Overwhelmed And Humbled

Words can not adequately express how overwhelmed and humbled we were by the amount of people that came out to honor Greg on Friday night and Saturday afternoon. What an amazing tribute to the man that we called husband/father. The kids and I knew what a great man Greg was because we lived with him. But what a privilege to hear others speak the same things about him. We just want to say thank you to everyone that came out and stood in line Friday evening to speak to us and to honor Greg. We heard that some of you stood in line for TWO hours….how very humbling. We also heard that some of you had to leave without getting to speak to us. I’m sorry that we didn’t get to see you, but please know how much we appreciate your thoughtfulness in being there. I also know that there were many of you at the funeral that we didn’t have the chance to speak to, but again, please know how much it meant to us for you to be there.

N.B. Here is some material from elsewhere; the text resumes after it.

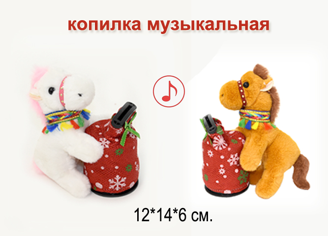 им Лошадь арт. YE25510-1 С мешком цвета микс Копилка на присоске музыкальная в пак.)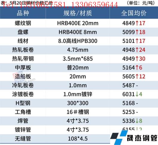 建筑厚壁無縫鋼管:5月20日,全國31個主要城市20mm三級抗震螺紋鋼均價4849元/噸,較上個交易日漲17元/噸。短期來看,近期供應受利潤倒掛明顯減量,表觀消費也未有明顯改善。但隨著疫情情況改善,市場心態好轉,在情緒面驅動下,預計下周國內建筑厚壁無縫鋼管價格或將呈現震蕩偏強態勢。

Some of you have mentioned that you wished you could have been at the funeral and heard the tributes that the kids and I wrote about Greg. I will try to post copies of these on my blog in the near future. I also know that many of you still don’t know all of the details that transpired over that weekend in the hospital and how everything progressed so quickly, and are wondering what happened. I will post about that later, as well.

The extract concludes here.